Si vous rédigez un roman dont l’action se situe au sein d’une caserne de pompiers, il vous sera sans doute nécessaire d’avoir une idée de l’organisation des lieux, de l’emploi du temps des soldats du feu, des effectifs et du matériel. Mais, à moins d’une surprise, il y a toutes sortes de questions qui pourront rester sans réponses, de l’historique de la brigade de pompiers jusqu’au fonctionnement de sa comptabilité.

En d’autres termes : lorsque vous écrivez un roman, vous n’êtes pas en train d’écrire une encyclopédie. L’avertissement n’est pas à prendre à la légère, dans la mesure où vous pouvez accumuler éternellement toutes sortes de détails pour construire votre décor, en particulier dans les littératures de l’imaginaire. Et se consacrer à ça peut déboucher sur un gros gâchis de temps, et même pire : vous donner l’impression que vous progressez alors que ce que vous faites ne sert à rien. Une règle à observer, lorsqu’on écrit un roman, c’est que si vous avez accumulé 500 pages de notes sur votre univers et que vous n’avez pas encore bouclé votre premier chapitre, ça signifie que vos priorités ne sont pas les bonnes.

Ne sous-estimez pas l’attrait du mystère

Prendre du temps à créer un univers dans les moindres détails, c’est une activité parfaite pour un créateur de jeux de rôle. Si c’est ça que vous ambitionnez, faites-vous plaisir. Dans une moindre mesure, l’auteur qui ambitionne de rédiger une pentalogie de gros bouquins de fantasy aura également besoin de s’appuyer sur des notes nombreuses et complètes.

Cela dit, attention : le décor qui convient à un jeu de rôle n’est pas du tout de même nature que celui qui convient à un roman. Le premier est, par essence, supposé être rempli de détails en tous genres qui vont servir d’inspiration à une multitude d’histoires différentes ; le second est au service d’une histoire spécifique, et est taillé pour être cohérent avec le thème, les personnages et l’intrigue de cette histoire, et pas d’une autre. Si vous avez construit un décor pour les jeux de rôle et que vous souhaitez vous en servir également pour un roman, vous vous rendrez vite compte que celui-ci est bien trop complexe et dispersé pour être utilisé tel quel en littérature. Vous allez devoir simplifier, resserrer, pour vous concentrer uniquement sur les éléments qui sont utiles à votre histoire.
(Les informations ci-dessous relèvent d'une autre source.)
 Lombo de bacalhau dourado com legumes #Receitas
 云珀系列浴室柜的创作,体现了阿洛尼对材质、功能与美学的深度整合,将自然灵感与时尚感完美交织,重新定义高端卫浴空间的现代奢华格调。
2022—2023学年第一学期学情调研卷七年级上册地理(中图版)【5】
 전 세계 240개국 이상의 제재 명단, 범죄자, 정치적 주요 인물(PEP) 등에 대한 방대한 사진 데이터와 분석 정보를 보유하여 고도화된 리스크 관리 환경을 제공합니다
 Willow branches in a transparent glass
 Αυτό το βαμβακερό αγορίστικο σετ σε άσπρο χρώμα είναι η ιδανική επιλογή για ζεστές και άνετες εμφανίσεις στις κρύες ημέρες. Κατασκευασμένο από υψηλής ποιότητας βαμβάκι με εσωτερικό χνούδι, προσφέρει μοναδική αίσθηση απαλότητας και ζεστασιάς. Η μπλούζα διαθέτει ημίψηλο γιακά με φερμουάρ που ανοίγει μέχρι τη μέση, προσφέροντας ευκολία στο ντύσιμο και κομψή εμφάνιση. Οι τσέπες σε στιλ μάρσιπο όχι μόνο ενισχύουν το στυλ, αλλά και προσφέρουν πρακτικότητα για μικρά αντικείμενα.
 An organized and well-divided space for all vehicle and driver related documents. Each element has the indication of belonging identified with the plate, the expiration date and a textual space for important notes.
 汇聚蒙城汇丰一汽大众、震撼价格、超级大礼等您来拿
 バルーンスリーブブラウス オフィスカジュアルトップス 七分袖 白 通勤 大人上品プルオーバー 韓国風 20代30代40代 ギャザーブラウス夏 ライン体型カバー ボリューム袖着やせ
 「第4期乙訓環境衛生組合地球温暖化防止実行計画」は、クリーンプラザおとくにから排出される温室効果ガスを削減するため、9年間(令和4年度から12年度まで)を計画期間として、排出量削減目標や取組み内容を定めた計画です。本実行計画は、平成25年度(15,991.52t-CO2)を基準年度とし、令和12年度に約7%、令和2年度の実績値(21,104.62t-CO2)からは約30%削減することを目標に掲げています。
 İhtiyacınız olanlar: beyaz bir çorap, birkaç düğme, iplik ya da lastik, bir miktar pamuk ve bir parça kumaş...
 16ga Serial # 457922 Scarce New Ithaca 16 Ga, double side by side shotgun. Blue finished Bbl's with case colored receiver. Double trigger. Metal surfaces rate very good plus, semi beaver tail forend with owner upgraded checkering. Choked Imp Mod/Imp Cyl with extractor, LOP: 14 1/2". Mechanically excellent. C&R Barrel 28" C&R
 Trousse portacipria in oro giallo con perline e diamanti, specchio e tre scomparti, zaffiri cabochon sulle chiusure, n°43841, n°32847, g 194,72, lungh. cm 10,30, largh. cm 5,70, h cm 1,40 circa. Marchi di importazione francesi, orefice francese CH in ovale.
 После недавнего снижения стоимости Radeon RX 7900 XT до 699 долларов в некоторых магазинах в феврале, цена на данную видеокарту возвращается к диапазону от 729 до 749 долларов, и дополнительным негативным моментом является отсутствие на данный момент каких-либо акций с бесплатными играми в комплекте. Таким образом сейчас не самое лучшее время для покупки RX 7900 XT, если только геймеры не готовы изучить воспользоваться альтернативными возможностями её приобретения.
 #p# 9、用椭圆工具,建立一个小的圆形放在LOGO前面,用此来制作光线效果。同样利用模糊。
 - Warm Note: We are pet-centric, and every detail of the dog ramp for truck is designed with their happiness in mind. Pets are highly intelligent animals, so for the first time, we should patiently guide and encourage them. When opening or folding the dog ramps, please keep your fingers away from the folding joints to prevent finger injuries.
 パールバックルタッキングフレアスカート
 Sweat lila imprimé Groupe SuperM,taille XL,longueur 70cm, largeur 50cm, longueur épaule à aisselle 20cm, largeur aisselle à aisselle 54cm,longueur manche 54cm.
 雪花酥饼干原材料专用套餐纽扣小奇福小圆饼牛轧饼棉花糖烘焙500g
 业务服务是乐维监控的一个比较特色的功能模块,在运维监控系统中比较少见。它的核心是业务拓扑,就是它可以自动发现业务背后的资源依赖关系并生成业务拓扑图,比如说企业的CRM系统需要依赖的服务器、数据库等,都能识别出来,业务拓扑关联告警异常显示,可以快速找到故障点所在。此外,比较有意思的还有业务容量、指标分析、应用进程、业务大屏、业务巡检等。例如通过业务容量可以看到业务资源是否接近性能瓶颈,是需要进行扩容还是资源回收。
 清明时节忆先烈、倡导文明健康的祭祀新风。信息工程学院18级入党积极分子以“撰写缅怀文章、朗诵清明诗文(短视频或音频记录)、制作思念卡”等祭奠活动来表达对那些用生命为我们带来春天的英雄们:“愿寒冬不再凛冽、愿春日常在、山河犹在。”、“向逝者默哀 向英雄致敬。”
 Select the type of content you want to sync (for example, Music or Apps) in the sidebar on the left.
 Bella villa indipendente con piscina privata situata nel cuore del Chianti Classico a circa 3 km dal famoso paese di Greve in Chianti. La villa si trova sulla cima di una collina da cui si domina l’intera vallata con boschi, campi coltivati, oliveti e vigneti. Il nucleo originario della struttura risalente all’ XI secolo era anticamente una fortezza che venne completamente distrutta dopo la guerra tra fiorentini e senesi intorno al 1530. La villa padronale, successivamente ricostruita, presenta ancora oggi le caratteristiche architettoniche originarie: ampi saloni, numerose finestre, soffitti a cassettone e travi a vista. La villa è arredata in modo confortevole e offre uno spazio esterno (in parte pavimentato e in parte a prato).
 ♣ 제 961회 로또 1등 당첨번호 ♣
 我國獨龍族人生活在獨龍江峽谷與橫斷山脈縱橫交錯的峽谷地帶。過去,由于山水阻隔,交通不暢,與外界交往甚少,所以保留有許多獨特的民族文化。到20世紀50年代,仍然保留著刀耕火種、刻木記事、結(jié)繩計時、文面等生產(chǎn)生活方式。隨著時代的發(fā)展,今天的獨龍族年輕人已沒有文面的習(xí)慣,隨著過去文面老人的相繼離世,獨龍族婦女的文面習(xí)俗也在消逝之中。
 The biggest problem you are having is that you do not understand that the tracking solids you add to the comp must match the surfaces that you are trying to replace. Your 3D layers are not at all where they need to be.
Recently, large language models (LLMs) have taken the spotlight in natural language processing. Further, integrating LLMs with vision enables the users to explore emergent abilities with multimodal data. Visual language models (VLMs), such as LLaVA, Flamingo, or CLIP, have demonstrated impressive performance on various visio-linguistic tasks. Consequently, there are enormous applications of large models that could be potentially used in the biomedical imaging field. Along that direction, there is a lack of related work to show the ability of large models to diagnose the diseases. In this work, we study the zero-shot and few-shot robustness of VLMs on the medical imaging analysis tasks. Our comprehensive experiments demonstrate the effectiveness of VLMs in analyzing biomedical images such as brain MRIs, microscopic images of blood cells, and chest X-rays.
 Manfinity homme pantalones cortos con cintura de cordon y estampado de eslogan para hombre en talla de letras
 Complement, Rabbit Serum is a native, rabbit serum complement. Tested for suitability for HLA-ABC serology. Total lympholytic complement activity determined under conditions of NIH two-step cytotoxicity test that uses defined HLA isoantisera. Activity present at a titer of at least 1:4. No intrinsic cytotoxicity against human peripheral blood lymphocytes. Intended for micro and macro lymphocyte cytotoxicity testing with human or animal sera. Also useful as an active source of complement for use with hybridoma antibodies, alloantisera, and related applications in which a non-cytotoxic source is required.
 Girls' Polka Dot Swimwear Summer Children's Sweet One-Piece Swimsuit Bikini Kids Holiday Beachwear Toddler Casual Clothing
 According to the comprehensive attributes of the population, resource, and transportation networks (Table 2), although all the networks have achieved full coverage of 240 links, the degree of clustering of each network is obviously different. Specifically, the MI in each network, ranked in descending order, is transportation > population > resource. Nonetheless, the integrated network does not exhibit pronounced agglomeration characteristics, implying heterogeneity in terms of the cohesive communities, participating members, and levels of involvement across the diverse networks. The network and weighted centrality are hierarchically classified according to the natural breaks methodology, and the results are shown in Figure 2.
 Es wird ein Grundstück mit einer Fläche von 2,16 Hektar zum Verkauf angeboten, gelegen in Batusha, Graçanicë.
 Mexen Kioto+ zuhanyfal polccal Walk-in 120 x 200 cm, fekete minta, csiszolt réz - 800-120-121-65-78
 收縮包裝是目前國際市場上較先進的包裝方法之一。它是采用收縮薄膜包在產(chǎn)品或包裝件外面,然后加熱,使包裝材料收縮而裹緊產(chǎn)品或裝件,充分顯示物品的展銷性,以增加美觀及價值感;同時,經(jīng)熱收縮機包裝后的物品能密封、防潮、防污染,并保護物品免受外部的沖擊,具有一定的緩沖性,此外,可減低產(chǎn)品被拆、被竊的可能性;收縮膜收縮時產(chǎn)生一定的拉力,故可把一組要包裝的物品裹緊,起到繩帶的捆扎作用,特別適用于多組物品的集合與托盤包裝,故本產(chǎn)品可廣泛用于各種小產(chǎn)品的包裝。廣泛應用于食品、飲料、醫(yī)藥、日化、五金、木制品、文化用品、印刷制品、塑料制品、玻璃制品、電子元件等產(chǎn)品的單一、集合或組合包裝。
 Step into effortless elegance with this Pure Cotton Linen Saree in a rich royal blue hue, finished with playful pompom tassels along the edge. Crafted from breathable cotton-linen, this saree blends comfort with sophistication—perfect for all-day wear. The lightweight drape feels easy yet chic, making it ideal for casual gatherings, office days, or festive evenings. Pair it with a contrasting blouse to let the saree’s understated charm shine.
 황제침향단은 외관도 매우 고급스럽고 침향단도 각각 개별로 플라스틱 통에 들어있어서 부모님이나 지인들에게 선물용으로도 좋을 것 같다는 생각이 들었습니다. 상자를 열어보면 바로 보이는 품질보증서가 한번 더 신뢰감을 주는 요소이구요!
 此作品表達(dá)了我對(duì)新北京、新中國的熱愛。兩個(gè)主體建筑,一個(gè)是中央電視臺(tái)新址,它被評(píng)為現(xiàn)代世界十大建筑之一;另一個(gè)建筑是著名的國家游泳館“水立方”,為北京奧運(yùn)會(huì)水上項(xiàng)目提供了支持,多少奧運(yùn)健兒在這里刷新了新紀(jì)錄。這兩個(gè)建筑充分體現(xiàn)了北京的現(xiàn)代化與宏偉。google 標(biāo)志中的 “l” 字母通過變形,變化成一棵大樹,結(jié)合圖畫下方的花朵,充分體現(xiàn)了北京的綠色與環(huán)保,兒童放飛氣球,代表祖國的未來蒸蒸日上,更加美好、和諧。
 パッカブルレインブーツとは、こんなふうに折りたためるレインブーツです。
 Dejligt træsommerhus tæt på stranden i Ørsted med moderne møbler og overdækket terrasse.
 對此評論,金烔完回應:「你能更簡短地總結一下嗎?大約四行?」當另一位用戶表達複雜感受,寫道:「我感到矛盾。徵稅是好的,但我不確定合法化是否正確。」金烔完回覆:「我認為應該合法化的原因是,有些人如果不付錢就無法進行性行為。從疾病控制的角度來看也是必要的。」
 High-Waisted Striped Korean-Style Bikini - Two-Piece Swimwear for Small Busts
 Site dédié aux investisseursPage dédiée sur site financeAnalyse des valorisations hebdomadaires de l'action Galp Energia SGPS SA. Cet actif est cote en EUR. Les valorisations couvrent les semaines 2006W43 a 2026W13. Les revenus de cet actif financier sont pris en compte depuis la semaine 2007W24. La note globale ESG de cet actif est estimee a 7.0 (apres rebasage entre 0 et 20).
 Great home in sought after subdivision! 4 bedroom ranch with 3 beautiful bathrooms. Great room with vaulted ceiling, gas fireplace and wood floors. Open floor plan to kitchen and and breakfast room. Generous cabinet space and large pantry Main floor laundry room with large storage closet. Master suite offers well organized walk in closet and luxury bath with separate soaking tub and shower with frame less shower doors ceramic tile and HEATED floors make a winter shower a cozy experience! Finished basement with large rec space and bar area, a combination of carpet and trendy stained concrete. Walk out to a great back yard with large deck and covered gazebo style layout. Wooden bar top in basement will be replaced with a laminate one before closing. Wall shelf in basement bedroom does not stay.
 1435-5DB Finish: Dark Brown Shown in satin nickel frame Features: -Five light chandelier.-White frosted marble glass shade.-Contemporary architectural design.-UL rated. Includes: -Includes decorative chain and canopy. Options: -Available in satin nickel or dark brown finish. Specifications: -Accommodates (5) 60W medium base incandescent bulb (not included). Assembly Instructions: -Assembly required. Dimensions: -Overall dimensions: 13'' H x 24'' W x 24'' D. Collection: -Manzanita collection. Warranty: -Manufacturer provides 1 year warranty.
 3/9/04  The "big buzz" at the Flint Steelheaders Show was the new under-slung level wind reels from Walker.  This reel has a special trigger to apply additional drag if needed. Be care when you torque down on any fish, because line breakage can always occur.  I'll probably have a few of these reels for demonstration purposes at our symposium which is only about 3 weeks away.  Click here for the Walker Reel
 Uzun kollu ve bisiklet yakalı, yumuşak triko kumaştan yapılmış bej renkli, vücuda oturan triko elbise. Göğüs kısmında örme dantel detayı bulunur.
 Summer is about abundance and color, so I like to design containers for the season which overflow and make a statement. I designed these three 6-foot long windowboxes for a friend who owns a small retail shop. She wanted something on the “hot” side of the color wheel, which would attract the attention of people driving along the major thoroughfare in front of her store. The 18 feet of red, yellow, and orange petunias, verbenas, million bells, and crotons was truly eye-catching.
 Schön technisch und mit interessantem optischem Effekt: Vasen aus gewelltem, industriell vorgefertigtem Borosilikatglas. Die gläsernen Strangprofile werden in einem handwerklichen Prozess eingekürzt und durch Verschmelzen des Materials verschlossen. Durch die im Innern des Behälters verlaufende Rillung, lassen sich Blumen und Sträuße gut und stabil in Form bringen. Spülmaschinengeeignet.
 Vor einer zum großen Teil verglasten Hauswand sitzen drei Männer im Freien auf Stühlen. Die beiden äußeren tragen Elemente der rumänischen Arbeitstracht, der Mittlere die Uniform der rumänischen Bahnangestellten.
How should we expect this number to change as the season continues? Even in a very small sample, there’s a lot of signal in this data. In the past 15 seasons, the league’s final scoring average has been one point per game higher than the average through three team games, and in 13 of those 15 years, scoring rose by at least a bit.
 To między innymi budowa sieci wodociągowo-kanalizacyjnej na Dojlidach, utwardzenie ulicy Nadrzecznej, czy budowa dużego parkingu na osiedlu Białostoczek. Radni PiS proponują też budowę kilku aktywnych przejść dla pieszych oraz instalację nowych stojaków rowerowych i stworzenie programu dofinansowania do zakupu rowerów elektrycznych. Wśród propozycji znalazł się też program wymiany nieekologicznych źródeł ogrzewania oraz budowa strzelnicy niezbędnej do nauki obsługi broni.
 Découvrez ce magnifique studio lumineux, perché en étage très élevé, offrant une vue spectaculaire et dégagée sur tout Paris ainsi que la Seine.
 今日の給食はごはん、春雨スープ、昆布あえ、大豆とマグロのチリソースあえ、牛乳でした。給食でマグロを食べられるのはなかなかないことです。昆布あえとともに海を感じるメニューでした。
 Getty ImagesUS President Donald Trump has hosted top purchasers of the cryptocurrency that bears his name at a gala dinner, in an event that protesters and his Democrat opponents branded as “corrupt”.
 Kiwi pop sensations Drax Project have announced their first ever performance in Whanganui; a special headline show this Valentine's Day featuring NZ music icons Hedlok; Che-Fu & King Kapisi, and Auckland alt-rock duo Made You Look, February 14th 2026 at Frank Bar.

J’en ai fait l’expérience lorsque j’ai écrit mon roman Merveilles du Monde Hurlant : souhaitant me simplifier la vie, j’ai choisi de réutiliser une ville dans laquelle j’avais déjà située une campagne de jeux de rôle. Au final, j’ai vite compris qu’il s’agissait d’une fausse bonne idée : celle-ci comprenait bien trop de détails pour me servir à quelque chose. J’ai dû resserrer, réinventer, et la ville telle qu’elle apparaît dans le roman a finalement très peu de choses à voir avec sa description originale. Le temps que je pensais gagner a été perdu.

En bâtissant votre décor, ne sous-estimez pas l’attrait du mystère. Tout ne doit pas être connu dans votre monde, et une poignée de points d’interrogations générera chez le lecteur davantage d’intérêt qu’autant de révélations tonitruantes. En plus, laisser des questions en suspens vous laissera davantage de liberté en tant qu’auteur.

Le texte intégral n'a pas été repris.